AIG has to decide what assets to unload

— -- American International Group's aig coming sale of assets is expected to downsize the financial giant to a slimmer version of its current self, but it may not guarantee its survival.

The Federal Reserve's decision to lend up to $85 billion to AIG effectively puts the government in control of the nation's largest insurer. AIG plans to pay back the loan by selling assets.

The company has yet to indicate what assets are on the block, but likely candidates include aircraft-leasing business ILFC, some real estate assets and chunks of its profitable insurance operations, analysts and regulators say. Company spokesman Peter Tulupman on Wednesday said only that it's conducting a "strategic review."

Sandy Praeger, president of the National Association of Insurance Commissioners, said, "It will likely be the insurance subsidiaries — or their valuable blocks of business and high-quality assets — that will be sold in an attempt to return the AIG parent company to a more stable financial position."

One business that it makes less sense for AIG to unload, says Andrew Kligerman, an insurance analyst at UBS, is the foreign life insurance business.

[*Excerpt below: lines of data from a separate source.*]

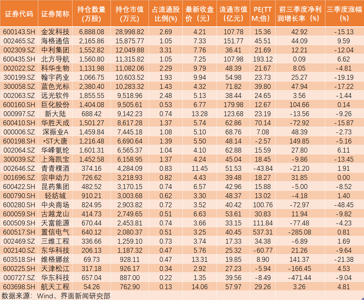 三季度,A股走势依旧低迷,证金公司在此期间进行了系列调仓换股操作。界面新闻梳理发现,截至当前,证金在A股市场中挖掘出29只“新宠”,这其中,金发科技(600143.SH)、海格通信(002465.SZ)、中利集团(002309.SZ)三只个股获持仓市值居前,分别为2.90亿元、1.59亿元、1.20亿元。
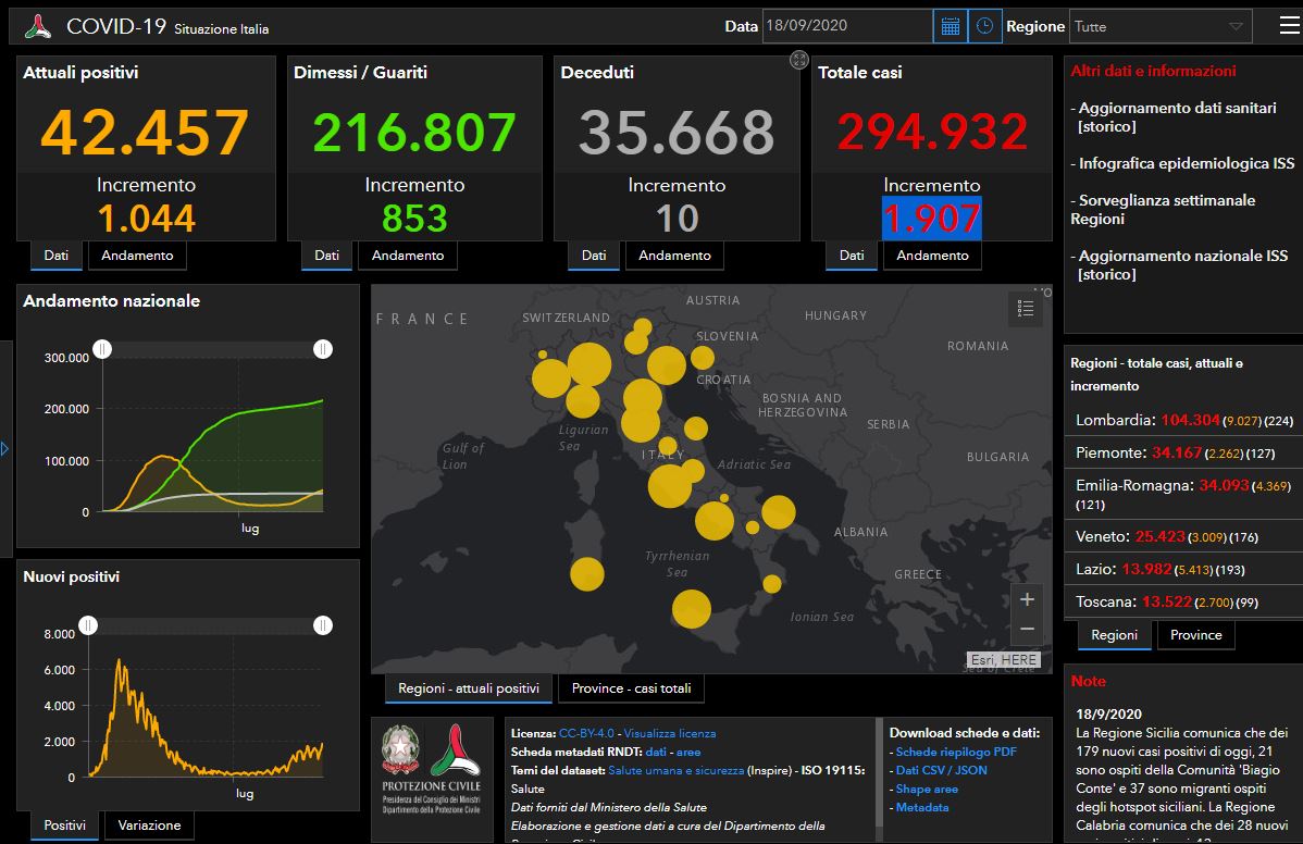 Coronavirus: 1.907 nuovi contagi su 99.839 tamponi, 10 i morti
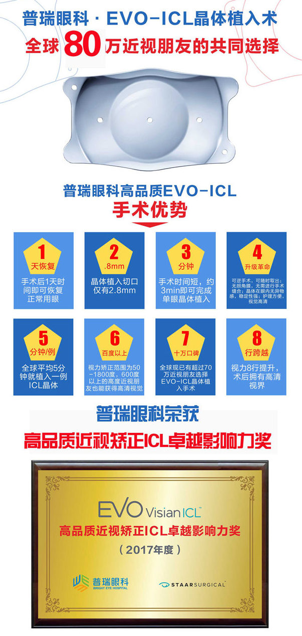 由于ICL人工晶体植入手术对医生技术要求极高,在重庆,能开展这一手术方式的医院并不多。作为国内较早开展高度近视人工晶体植入手术的全国连锁眼科医院,普瑞眼科于2014年年底率先在市内引进ICL(V4C)晶体植入术。
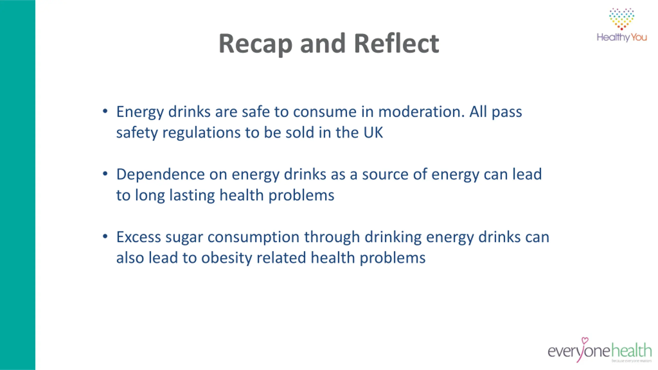 Recap and Reflect Energy drinks are safe to consume in moderation. All pass safety regulations to be sold in the UK Dependence on energy drinks as a source of energy can lead to long lasting health problems Excess sugar consumption through drinking energy drinks can also lead to obesity related health problems
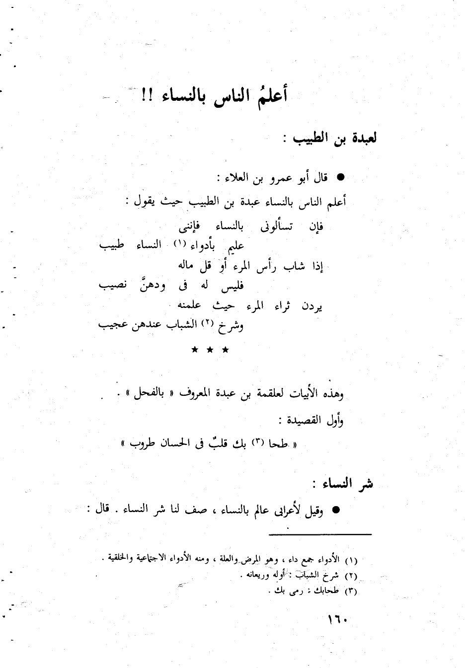 أعلم النَّاس بِالنسَاء لعبدة بن الطّيب قَالَ أَبُو عَمْرو بن الْعَلَاء اعْلَم النَّاس بِالنسَاء عَبدة بن الطَّبِيب حَيْثُ يَقُول فَإِن تسألونى بِالنسَاء فإننى عليم بأدواء النِّسَاء طَبِيب إِذا شَاب رَأس الْمَرْء أَو قل مَاله فَلَيْسَ لَهُ فِي ودهن نصيب يردن ثراء الْمَرْء حَيْثُ علمنه وشرخ الشَّبَاب عِنْدهن عَجِيب وَهَذِه الأبيات لعلقمة بن عَبدة الْمَعْرُوف بالفحل وَأول القصيدة طحا بك قلب فى الحسان طروب شَرّ النِّسَاء وَقيل لأعرابي عَالم بِالنسَاء صف لنا شَرّ النِّسَاء قَالَ
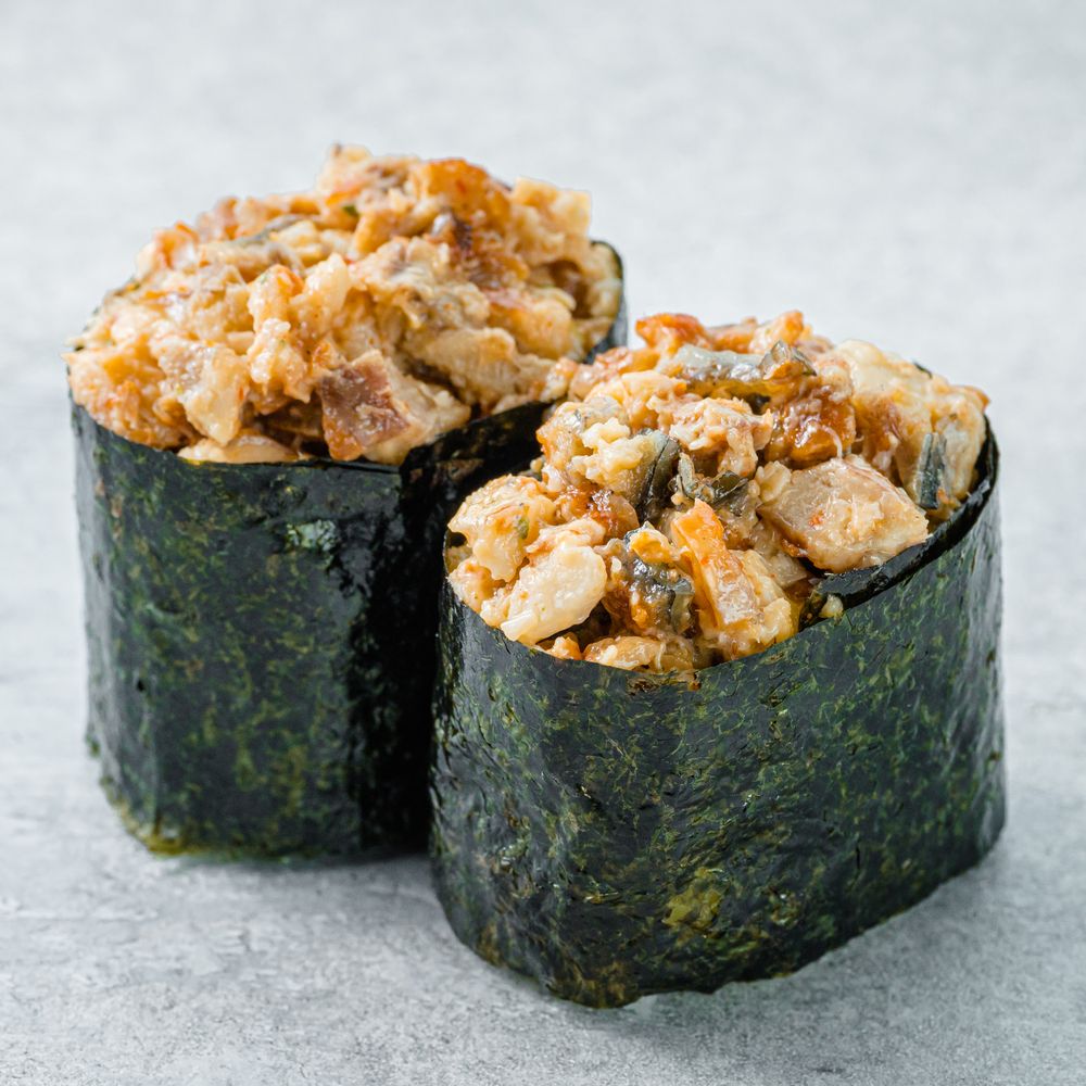 Угорь, водоросли нори, рис, чили

He considers that the company's "premier" entity.

The business is a market leader in Asia, giving AIG "a competitive edge," he says.

The Federal Reserve, after coming to AIG's aid, will likely have a role in figuring out which assets the company will sell, says Vinnie Aggarwal, chief economist at Frost & Sullivan, a consulting and market research firm.

AIG's sale options are wide. The sprawling conglomerate — which got its start as a property/casualty insurer in Shanghai in 1919 — owns everything from insurance and retirement businesses to the Stowe Mountain ski resort in Vermont.

Despite the asset sales, the company's troubles are far from over.

When major ratings agencies downgraded AIG's credit ratings Monday, that triggered provisions in certain commercial policies that let policyholders cancel coverage, says Michael Paisan, an analyst at Stifel Nicolaus.

"There's a big question of whether it will stay in business," Paisan adds. "Right now, I don't know if this company is worth the $85 billion" it may borrow.

Wednesday, investors reacted sourly to the news of the Federal Reserve loan — and AIG's pending asset sales — sending its shares down 45% to $2.05.